← Back to Notes

Zuul 2: The Netflix Journey to Asynchronous, Non-Blocking Systems

2026-01-26blog
Originally Published ↗Download PDF ⬇

Zuul 2: The Netflix Journey to Asynchronous, Non-Blocking Systems

Netflix recently architected a major change to Zuul, their cloud gateway, effectively moving from a blocking, multithreaded system to an asynchronous, non-blocking framework using Netty. The primary driver for this shift was to enable persistent connections for millions of devices and web browsers, a capability essential for supporting features like push notifications and bi-directional communication. While the original Zuul (built on the Servlet framework) handled requests using a one-thread-per-connection model, this approach struggled under high concurrency and latency spikes. Zuul 2's async model, conversely, uses one thread per CPU core to handle all requests via events and callbacks, significantly reducing the cost of maintaining open connections.

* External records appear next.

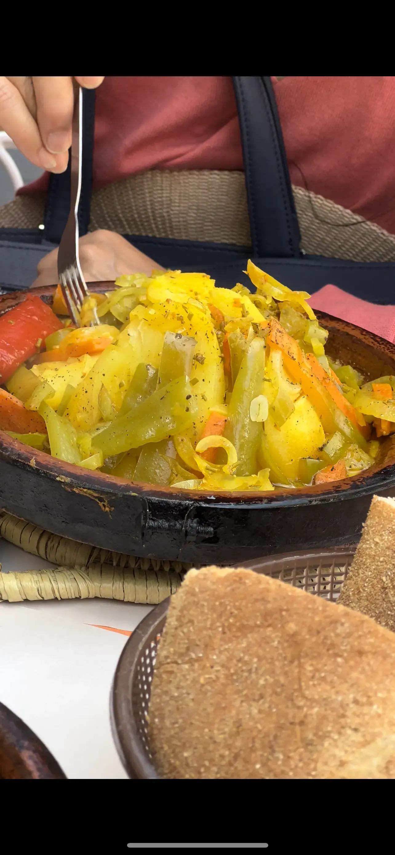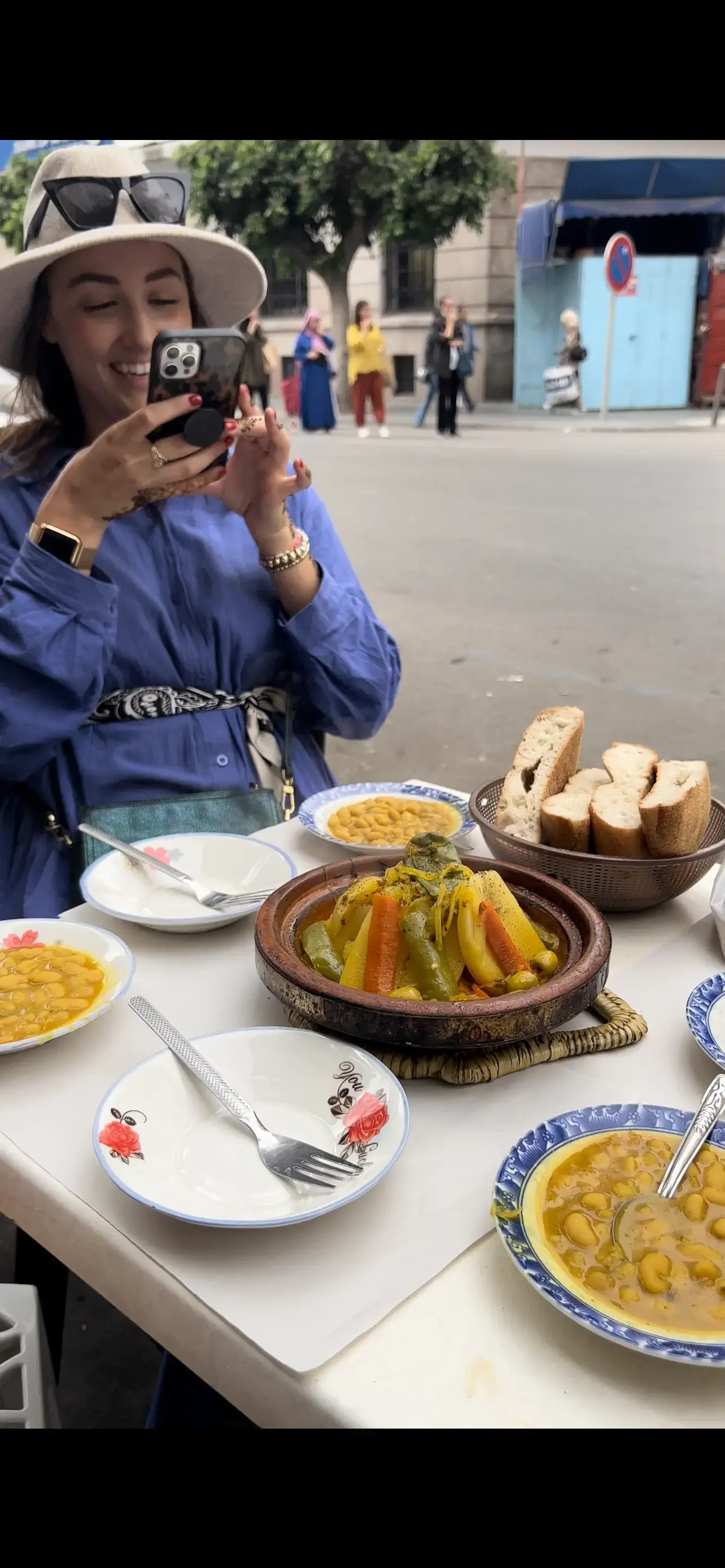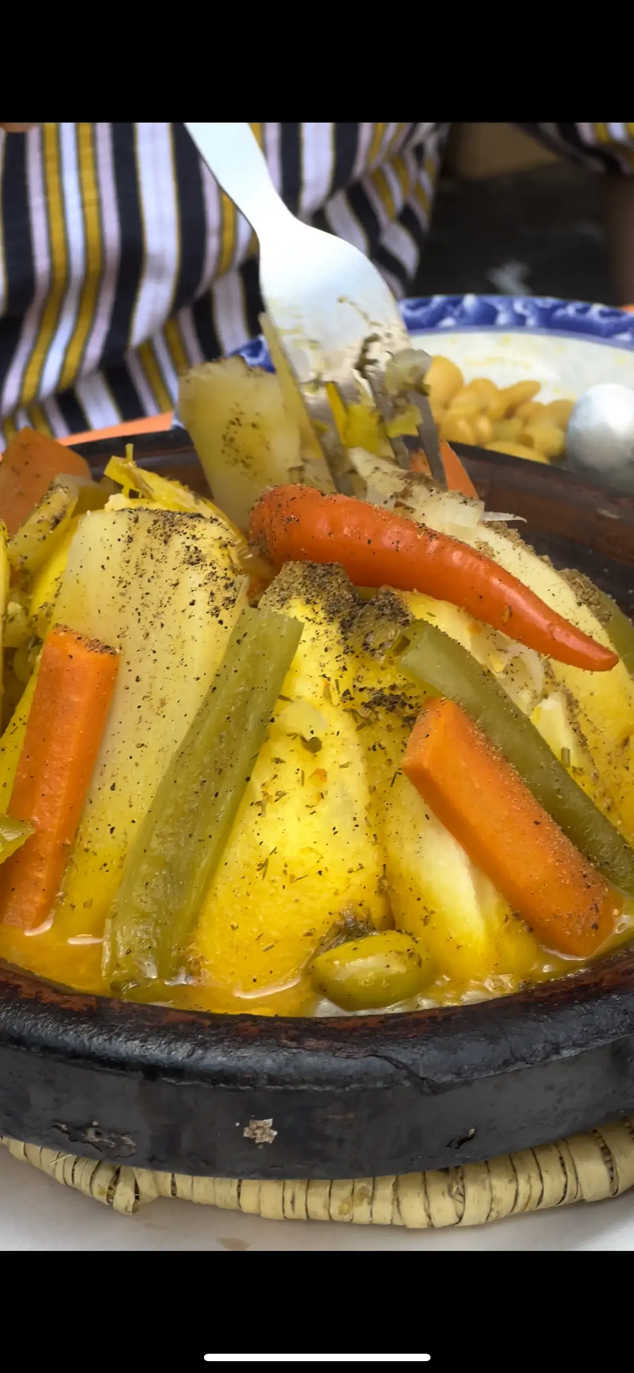 Luego, caminamos unos 5 minutos hasta el lugar de comida principal. Tendremos la comida marroquí más icónica que es rica en especias marroquíes en Tagine (Verduras con pollo o carne de res)
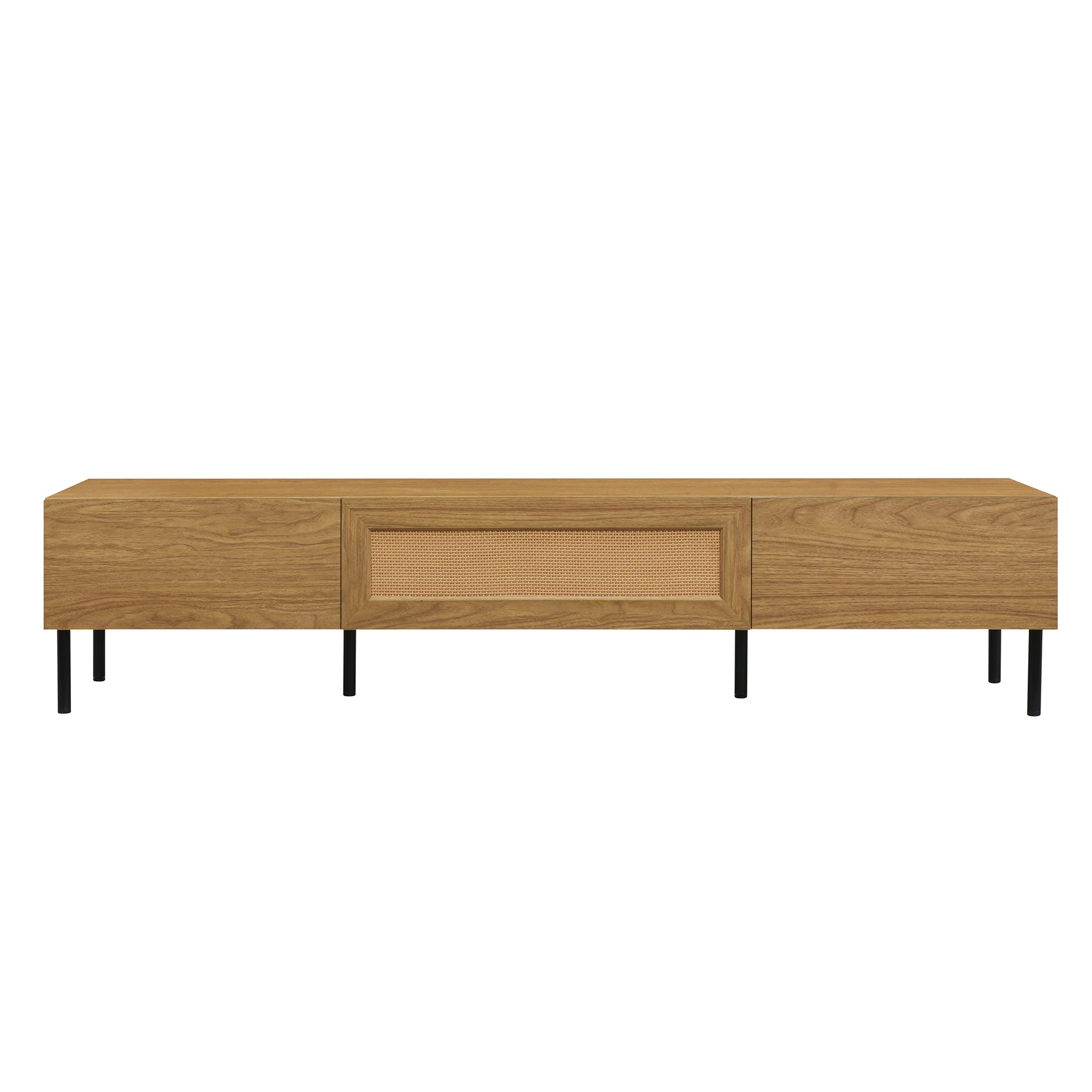 Bring warm, relaxed boho charm to your living room with this Modern Farmhouse TV stand. Designed for TVs up to 80", the console blends rattan-inspired detailing with a durable particle-board body and metal legs for a stylish yet sturdy entertainment center. Its thoughtful storage layout and solid hardware keep media components organized while the open and closed compartments let you display décor or hide clutter for a clean, modern look.
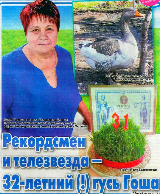 Какие только газеты и телеканалы не рассказывали о Гоше! А прошлой осенью он даже попал на телепередачу «Цієї миті рік по тому» канала СТБ. Во время съемок Тимошикам предложили подать Гошу на регистрацию рекорда. Они ходили по соседям, собирали свидетельства, сколько гусь у них живет. Приглашенная специалист-орнитолог подтвердила (по клюву и лапам): Гоше, как и утверждают хозяева, 31 год. И наконец к семье с необычным домашним любимцем приехала руководитель Украинского реестра рекордов Лана Ветрова с новостью, что Гоша официально признан самым старшим гусем в Украине.
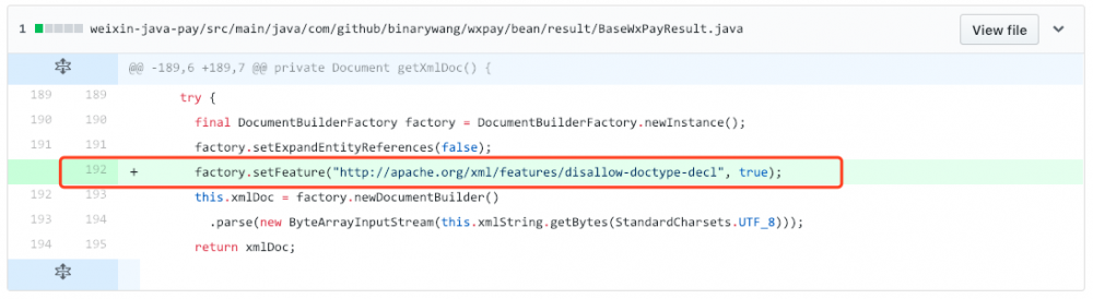 以WxJava的XXE注入漏洞为例,漏洞发现者在项目Github仓库中提交 Github issue#903 ,并提供了 修复参考 。
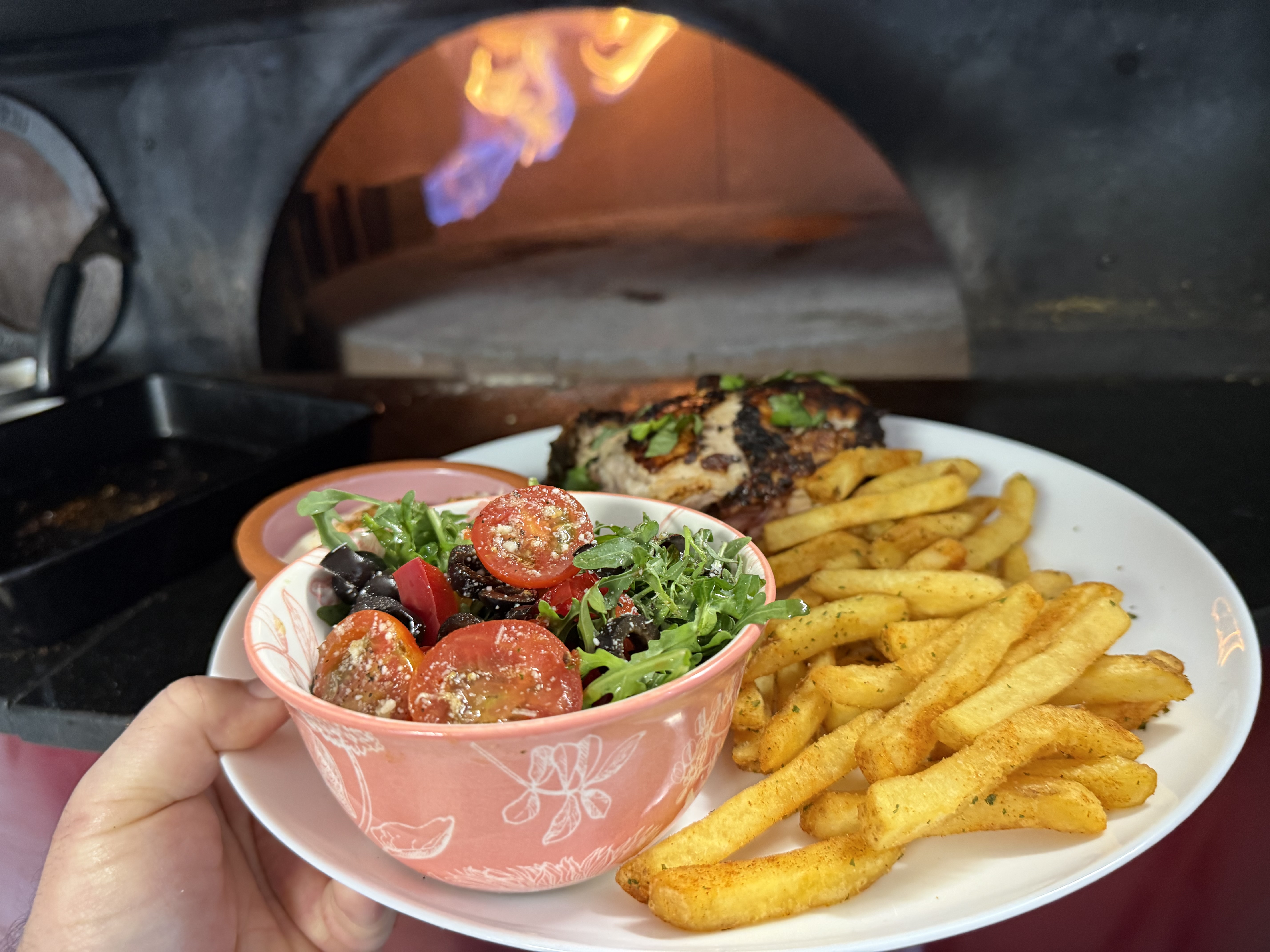 Then, instead of a standard grill, we do something different — we cook every piece in a traditional wood-fired pizza oven. The result? Impossibly juicy chicken with a smoky char you simply can't replicate.
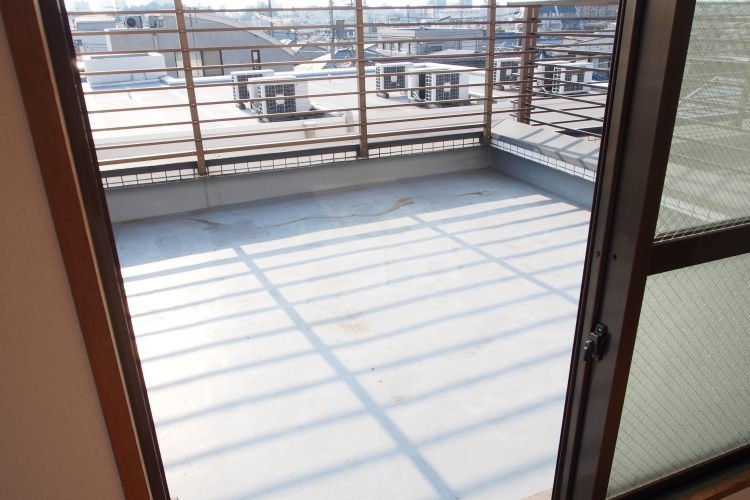 室内は1DKで広めですので、2人暮らしでも良さそうです。本居室は、建物4階に位置し、4階にはこちらのお部屋しかありません。一フロアを独り占め出来てしまい、また窓外には広々としたルーフバルコニー。周辺に高い建物はありませんので、ルーフバルコニーから見える景色は絶景です。西向きですので、毎日夕日が沈んでいく姿を臨むことが出来ます。
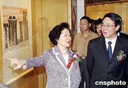 藝術(shù)大師方召麟博士書(shū)畫(huà)作品展暨捐贈(zèng)儀式五月三十日在江蘇無(wú)錫舉行。方召麟長(zhǎng)女、香港特區(qū)政務(wù)司原司長(zhǎng)陳方安生(左)及方氏家族親屬,代表方召麟向江蘇無(wú)錫市政府捐贈(zèng)六十件書(shū)畫(huà)精品。作者:顧祚維
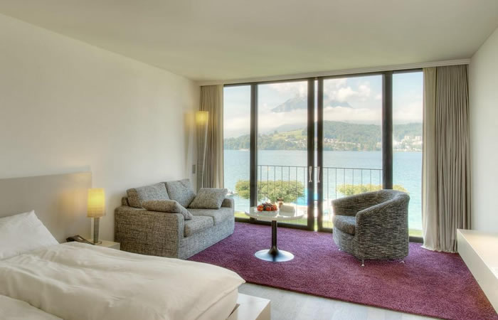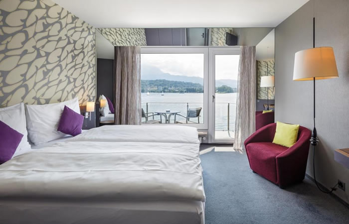 在火車站對面的酒店,交通十分便捷。酒店地處盧塞恩市中心,去瑞吉山只需走幾步路坐上遊輪即可。
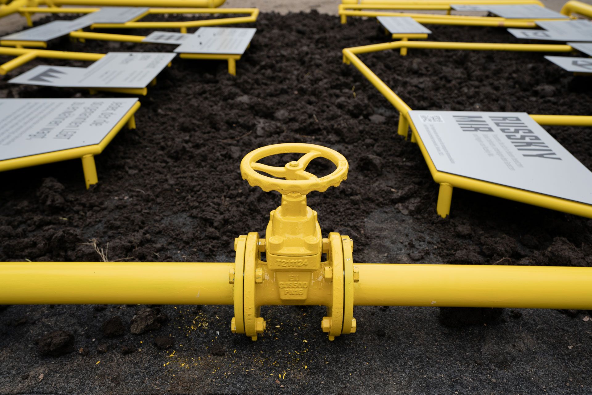 Інсталяція схожа на огорожу у формі газової труби жовтого кольору. На вході стоїть табличка з попередженням: усі, хто перебуває на цій окупованій території, повинні підкорятися правилам і законам "русского міра".
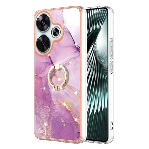 Funda para Teléfono Xiaomi Poco F6 5G con Galvanoplastia de Mármol Imd TPU y Soporte para Anillo (Morado 001)
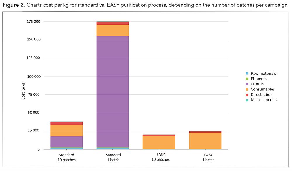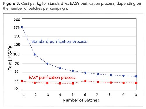 CLICK FIGURE TO ENLARGE. Figure 2. Charts cost per kg for standard vs. EASY purification process, depending on the number of batches per campaign.
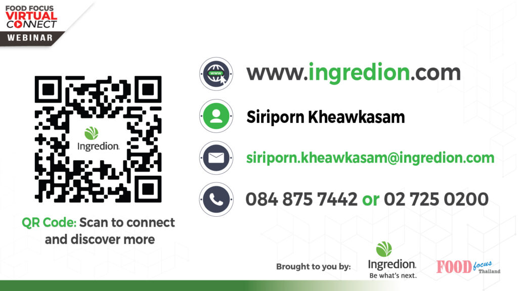 Q: อยากให้ช่วยสรุปข้อดีของ Ingredion Ingredient ใน Concept Clean & Simple Ingredints
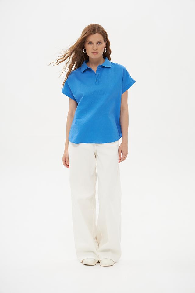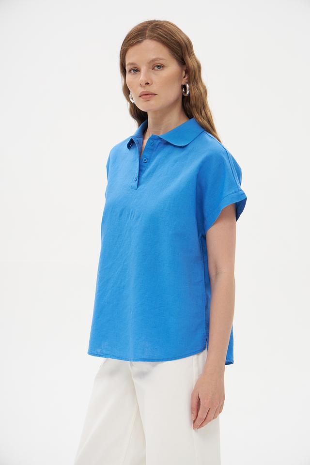 Голубая блуза Pezzo с короткими рукавами и воротником-поло станет отличным дополнением к вашему гардеробу. Изготовлена из натурального льна и хлопка, обеспечивая комфорт и воздухопроницаемость. Состав: лен 55%, хлопок 45%
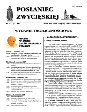 ISSN 1428-3093 Nr 3 / 9 7 ( 5 ) M A J Parafia Matki Boskiej Zwycięskiej, Krak ów - Borek FFałęcki ałęcki Kraków WYDANIE OKOLICZNOŚCIOWE PROGRAM PIELGRZYMKI OJCA ŚW. JANA PAWŁA II W KRAKOWIE Sobota, 7 cz er wca 1997 czer erwca 19.00 Pr zylot do Krakowa, lądowisko na terenie dawnych Zakładów Sodowych „Solvay „Solvay”” 19.20 Nawiedzenie sanktuarium Miłosierdzia Bożego i modlitwa przy grobie bł. Siostry Faustyny Niedziela, 8 czer wca 1997 czerwca 9.00 Spotkanie z premierem rządu RP (rezydencja arcybiskupa) 10.30 Msza św św.. kanonizacyjna bł. Królowej Jadwigi, Anioł Pański - Błonia krakowskie - poświęcenie kamienia węgielnego pod kościół na os. Kliny 17.40 Uroczystość 600-lecia Wydziału Teologicznego Uniwersytetu Jagiellońskiego (kościół św. Anny) Poniedziałek, 9 czer wca 1997 czerwca 8.00 Msza św. w kaplicy św. Leonarda (Katedra Wawelska) 10.00 Nawiedzenie grobu rodziców (cmentarz Rakowicki) 10.45 Wizyta i poświęcenie nowej polikliniki kardiochirurgicznej w Krakowie 11.55 Nawiedzenie kościoła bł. Królowej Jadwigi 17.30 Przejazd do Dukli. W zależności od pogody przelot nad Bieszczadami 18.10 Modlitwa przy grobie bł. Jana z Dukli Wtorek, 10 czer wca 1997 czerwca 9.00 Przyjazd do Krosna 9.30 Msza św. kanonizacyjna bł. Jana z Dukli 17.30 Powrót do Krakowa. Ceremonia pożegnalna z udziałem prezydenta RP , władz cywilnych, politycznych, biskupów 18.30 Odlot samolotu do Rzymu ... MA PRAWO DO NASZEJ MODLITWY ... Czekając na P apieża - Rodaka Papieża „Do jakiej Polski przyjedzie Papież?”, „W jakiej kondycji duchowej zastanie swoich rodaków? ”Oto pytania, które coraz częściej pojawiają się nie tylko w mass mediach, ale i w prywatnych rozmowach, refleksjach myślących ludzi. Im bliżej dnia rozpoczęcia kolejnej pielgrzymki papieskiej, tym jakby więcej obaw, wątpliwości, trudnych myśli. Do jakiej Polski? Pomimo tylu podzielonych refleksji, pomimo, wydaje się słusznie, podzielonego ojczystego domu, chcemy jako ludzie wierzący, rodacy Jana Pawła II, przygotować Jego pielgrzymowanie do ojczystej ziemi naszymi modlitwami, ofiarami serca, do których ma przecież szczególne prawo. W ten nurt modlącej się Polski, trwającej w oczekiwaniu na spotkanie z Piotrem naszych trudnych czasów, włącza się, od wielu już tygodni, nasza parafia. Z parafią Matki Boskiej Zwycięskiej w Borku Fałęckim jest On szczególnie związany. W duchu miłości i oddania dla Ojca Świętego pragniemy ten oko oko-licznościowy numer „P osłańca Zwycięskiej” dedyko „Posłańca dedyko-wać Namiestnikowi Chr ystusa, prosząc, by T a, któ Chrystusa, Ta, któ-rej powiedział TOTUS TUUS, nieustannie zwyciężała w Jego życiu i posługiwaniu pasterskim. Wiele osób: chorych, samotnych, cierpiących podjęło postanowienie ofiarowania swoich cierpień, samotności i modlitw w intencji Pana Pawła II. Podpisanych deklaracji jest 94. Wszystkie one zostaną uporządkowane i w formie księgi pamiątkowej przekazane Ojcu Świętemu. Od kilkunastu tygodni, w każdą sobotę, o godz. 17.30 w naszym kościele odmawiany jest różaniec w intencji Papieża i Jego pielgrzymki do Ojczyzny. Powitamy Ojca Świętego na terenie naszej pawca, o godz. 19.00 rafii w sobotę, 7 czer czerwca, 19.00, gdy helikopterem przyleci z Ludźmierza. Lądowisko przygotowane będzie na terenie dawnych Zakładów Sodowych „Solvay”. Wyrażamy nadzieję, że przywitaniu Papieża na ziemi krakowskiej i naszej, borkowskiej, towarzyszyć będzie wielu parafian, którzy nie tylko zgromadzą się wokół lądowiska, ale także będą obecni wzdłuż ulicy Zakopiańskiej, gdy będzie On jechał do Sanktuarium Bożego Miłosierdzia w Łagiewnikach. Bardzo prosimy o udekorowanie domów, balkonów, okien, flagami narodowymi, papieskimi, znakami religijnymi, obrazami, kwiatami, jako wyraźny znak, że są to domy ludzi wierzących, życzliwych Ojcu Świętemu, którego pot wsiąknął również w borkowską ziemię. Szczególnym wyrazem naszej wiary będzie udział we Mszy św. odprawianej przez Papieża na wca o godz. Błoniach krakowskich, w niedzielę 8 czer czerwca 10.30 10.30. Nie powinno tam nikogo z krakowian zabraknąć, spośród tych, którym zdrowie i siły pozwolą. Wspomnijmy lata minione, kiedy te Błonia jakby nie mogły pomieścić modlącego się i bierzmowanego tłu- W OCZEKIWANIU NA OJCA ŚWIĘTEGO Przygotowujemy się do kolejnej, piątej już z kolei pielgrzymki Ojca Świętego do Ojczyzny. Przygotowanie to obejmuje oczywiście najpierw stronę organizacyjną, by ta pielgrzymka przebiegła sprawnie, bezpiecznie i okazale, ale ważniejsze jest przygotowanie duchowe, byśmy sobie uświadomili, jak ważnym wydarzeniem dla naszego narodu, dla Kościoła katolickiego w Polsce i dla nas samych jest ta pielgrzymka, i jak wielkie dobra duchowe ona przyniesie, jeżeli ją dobrze przeżyjemy. Przybędzie do nas Namiestnik Chrystusowy, osoba o największym autorytecie moralnym na ziemi, jeden z najwybitniejszych papieży w dziejach Kościoła świętego, pierwszy Polak na Stolicy Piotrowej, który sławi imię Polski na całej ziemi, jak nikt z Polaków. Przybędzie, by umocnić nas w wierze, w miłości Boga i Ojczyzny, by narodowi naszemu stojącemu ciągle na rozdrożu wskazać właściwą drogę rozwoju. Nie wystarczy duma jaka nas ogarnia, gdy widzimy wspaniałą, niezmiernie gorliwą i mądrą działalność Ojca Świętego na arenie międzynarodowej i w życiu naszego Kościoła, nie wystarczy radość z tego, że znowu do nas przybędzie. Trzeba, byśmy szeroko otworzyli nasze umysły i serca i przygotowali je pod obfity zasiew Bożego Słowa z ust Namiestnika Chrystusowego, by ono padło na dobrą glebę naszych serc i obficie zaowocowało. Trzeba, byśmy się gorąco modlili o łaski Ducha Świętego, o siły duchowe i fizyczne dla Ojca Świętego na ten wielki trud apostolski, jaki Go czeka w naszej Ojczyźnie, trzeba się modlić za nasz naród i za

The transition to an asynchronous architecture was not without its challenges. The team faced significant hurdles in debugging and testing, as async systems often produce meaningless stack traces and make it difficult to follow the lifecycle of a request. Furthermore, the existing Netflix ecosystem and core libraries were largely built with blocking assumptions, requiring extensive refactoring to remove thread-local variables and convert blocking network logic. To manage this complexity, Netflix introduced async Zuul Filters, allowing them to share business logic between both blocking and non-blocking architectures during the migration.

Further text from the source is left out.